WORK TASK:
Could you repeat all of the entries below word for word, apart from the pictures?

RECORDS TO PROCESS:
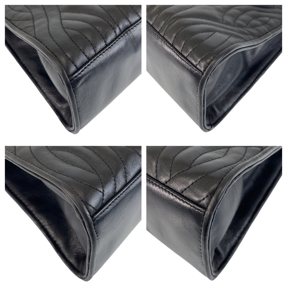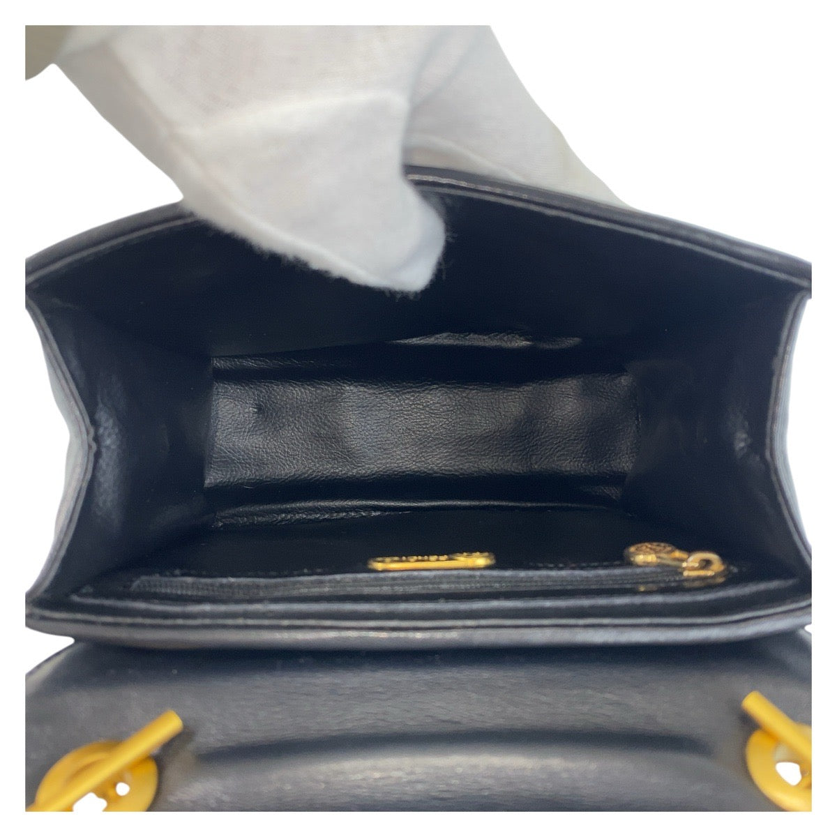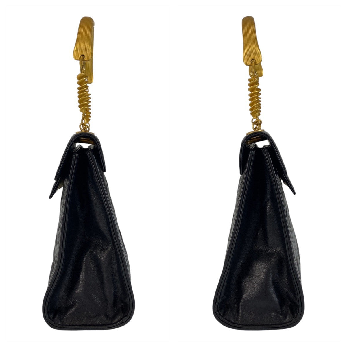 FENDI Handbag leather Black GoldMetal Handbag macaroni Women Used Authentic
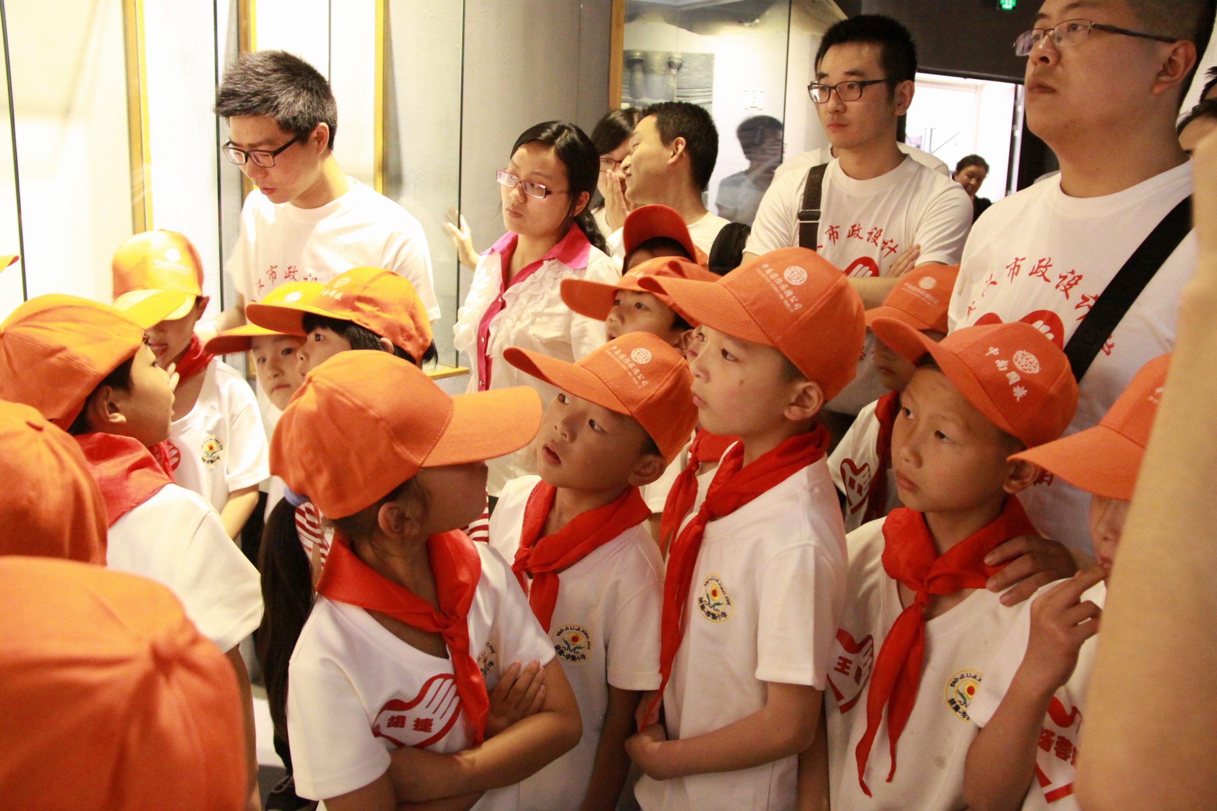 ??? 為了保證本次活動(dòng)的順利進(jìn)行,公司安排了二十名志愿者與學(xué)生們一對(duì)一結(jié)對(duì)而行。上午十點(diǎn),當(dāng)滿載學(xué)生的車輛緩緩駛進(jìn)活動(dòng)的第一站——武漢市博物館時(shí),早已等候在那里的志愿者們用掌聲歡迎遠(yuǎn)道而來的小客人,并與自己結(jié)對(duì)的學(xué)生手牽手走入博物館參觀。學(xué)生們跟隨導(dǎo)游的講解,了解了武漢由發(fā)祥到發(fā)展,到今天取得的成就。部分古代出土的器物吸引住了他們的目光,他們有的圍在導(dǎo)游周圍問這問那,有的拉著結(jié)對(duì)的哥哥姐姐合影拍照。
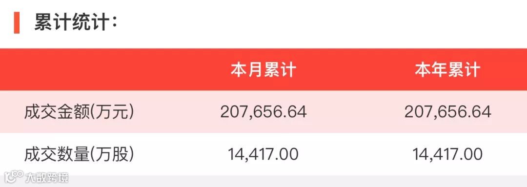 2020年1月2日,大宗交易成交金额20.77亿元,交易股票数60只,成交笔数130笔,流通股平均成交折价率96.68%,成交数量14417万股。
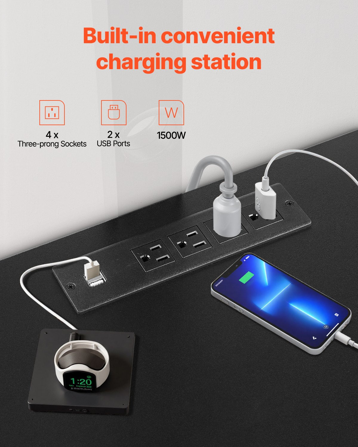 - Built-In Charging Station: This stand features a built-in power board with 4 outlets and 2 USB ports, plus a 6.6 ft / 2 m power cord to easily charge your TV, Wi-Fi router, or any other devices. The integrated cable management keeps everything tidy and tangle-free, making life more convenient.
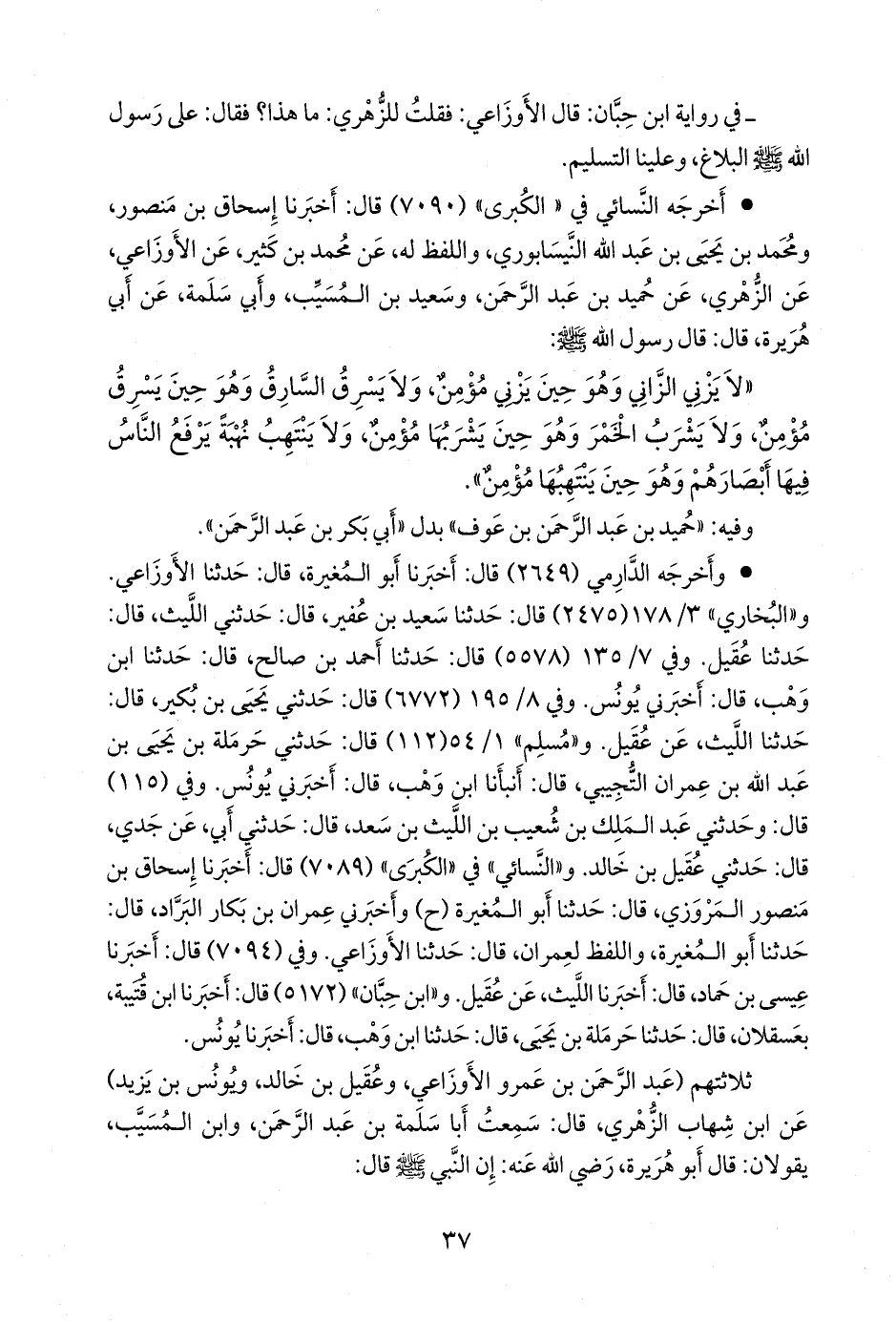 • وأخرجه الدَّارِمي (٢٦٤٩) قال: أخبرنا أَبو المغيرة، قال: حدثنا الأوزاعي. و «البخاري» ٣/ ١٣٦ (٢٤٧٥) قال: حدثنا سعيد بن عفير، قال: حدثني الليث، قال: حدثنا عُقَيل. وفي ٧/ ١٠٤ (٥٥٧٨) قال: حدثنا أحمد بن صالح، قال: حدثنا ابن وهب، قال: أخبرني يونس. وفي ٨/ ١٥٧ (٦٧٧٢) قال: حدثني يحيى بن بُكير، قال: حدثنا الليث، عن عُقيل. و «مسلم» ١/ ٥٤ (١١٢) قال: حدثني حَرملة بن يحيى بن عبد الله بن عمران التجيبي، قال: أنبأنا ابن وهب، قال: أخبرني يونس. وفي (١١٥) قال: وحدثني عبد الملك بن شعيب بن الليث بن سعد، قال: حدثني أبي، عن جدي، قال: حدثني عُقيل بن خالد. و «النَّسَائي» في «الكبرى» (٧٠٨٩) قال: أخبرنا إسحاق بن منصور المَرْوَزي، قال: حدثنا أَبو المغيرة (ح) وأخبرني عمران بن بكار البراد، قال: حدثنا أَبو المغيرة، واللفظ لعمران، قال: حدثنا الأوزاعي. وفي (٧٠٩٤) قال: أخبرنا عيسى بن حماد، قال: أخبرنا الليث، عن عُقيل. و «ابن حِبَّان» (٥١٧٢) قال: أخبرنا ابن قتيبة، بعسقلان، قال: حدثنا حَرملة بن يحيى، قال: حدثنا ابن وهب، قال: أخبرنا يونس.
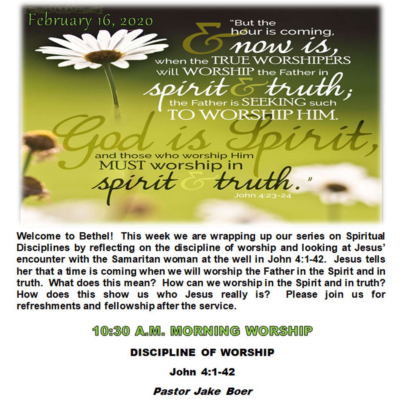 This week we are wrapping up our series on Spiritual Disciplines by reflecting on the discipline of worship and looking at Jesus’ encounter with the Samaritan woman at the well in John 4:1-42. Jesus tells her that a time is coming when we will worship the Father in the Spirit and in truth. What does this mean? How can we worship in the Spirit and in truth? How does this show us who Jesus really is?
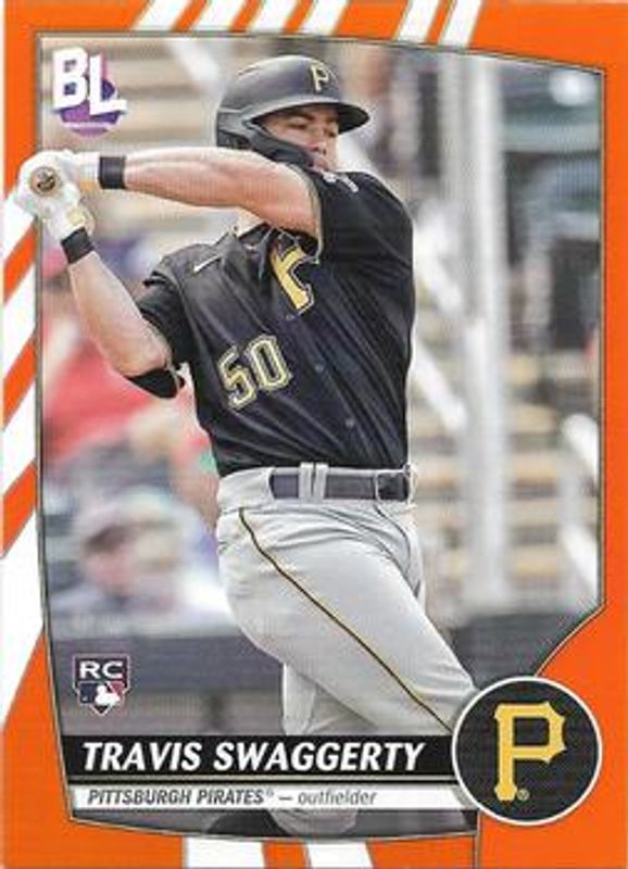The Travis Swaggerty 2023 Topps Big League #14 Electric Orange Rookie card is 1 of 7 Travis Swaggerty's card variations in the 2023 Topps Big League set being tracked by Sports Card Investor, including Base, Red Foil, Black Foil /25, FoilFractor /1, and Electric Orange Base Autographs.

WRITTEN ANSWER:
 FENDI Handbag leather Black GoldMetal Handbag macaroni Women Used Authentic
 ??? 為了保證本次活動(dòng)的順利進(jìn)行,公司安排了二十名志愿者與學(xué)生們一對(duì)一結(jié)對(duì)而行。上午十點(diǎn),當(dāng)滿載學(xué)生的車輛緩緩駛進(jìn)活動(dòng)的第一站——武漢市博物館時(shí),早已等候在那里的志愿者們用掌聲歡迎遠(yuǎn)道而來的小客人,并與自己結(jié)對(duì)的學(xué)生手牽手走入博物館參觀。學(xué)生們跟隨導(dǎo)游的講解,了解了武漢由發(fā)祥到發(fā)展,到今天取得的成就。部分古代出土的器物吸引住了他們的目光,他們有的圍在導(dǎo)游周圍問這問那,有的拉著結(jié)對(duì)的哥哥姐姐合影拍照。
 2020年1月2日,大宗交易成交金额20.77亿元,交易股票数60只,成交笔数130笔,流通股平均成交折价率96.68%,成交数量14417万股。
 - Built-In Charging Station: This stand features a built-in power board with 4 outlets and 2 USB ports, plus a 6.6 ft / 2 m power cord to easily charge your TV, Wi-Fi router, or any other devices. The integrated cable management keeps everything tidy and tangle-free, making life more convenient.
 • وأخرجه الدَّارِمي (٢٦٤٩) قال: أخبرنا أَبو المغيرة، قال: حدثنا الأوزاعي. و «البخاري» ٣/ ١٣٦ (٢٤٧٥) قال: حدثنا سعيد بن عفير، قال: حدثني الليث، قال: حدثنا عُقَيل. وفي ٧/ ١٠٤ (٥٥٧٨) قال: حدثنا أحمد بن صالح، قال: حدثنا ابن وهب، قال: أخبرني يونس. وفي ٨/ ١٥٧ (٦٧٧٢) قال: حدثني يحيى بن بُكير، قال: حدثنا الليث، عن عُقيل. و «مسلم» ١/ ٥٤ (١١٢) قال: حدثني حَرملة بن يحيى بن عبد الله بن عمران التجيبي، قال: أنبأنا ابن وهب، قال: أخبرني يونس. وفي (١١٥) قال: وحدثني عبد الملك بن شعيب بن الليث بن سعد، قال: حدثني أبي، عن جدي، قال: حدثني عُقيل بن خالد. و «النَّسَائي» في «الكبرى» (٧٠٨٩) قال: أخبرنا إسحاق بن منصور المَرْوَزي، قال: حدثنا أَبو المغيرة (ح) وأخبرني عمران بن بكار البراد، قال: حدثنا أَبو المغيرة، واللفظ لعمران، قال: حدثنا الأوزاعي. وفي (٧٠٩٤) قال: أخبرنا عيسى بن حماد، قال: أخبرنا الليث، عن عُقيل. و «ابن حِبَّان» (٥١٧٢) قال: أخبرنا ابن قتيبة، بعسقلان، قال: حدثنا حَرملة بن يحيى، قال: حدثنا ابن وهب، قال: أخبرنا يونس.
 This week we are wrapping up our series on Spiritual Disciplines by reflecting on the discipline of worship and looking at Jesus’ encounter with the Samaritan woman at the well in John 4:1-42. Jesus tells her that a time is coming when we will worship the Father in the Spirit and in truth. What does this mean? How can we worship in the Spirit and in truth? How does this show us who Jesus really is?
The Travis Swaggerty 2023 Topps Big League #14 Electric Orange Rookie card is 1 of 7 Travis Swaggerty's card variations in the 2023 Topps Big League set being tracked by Sports Card Investor, including Base, Red Foil, Black Foil /25, FoilFractor /1, and Electric Orange Base Autographs.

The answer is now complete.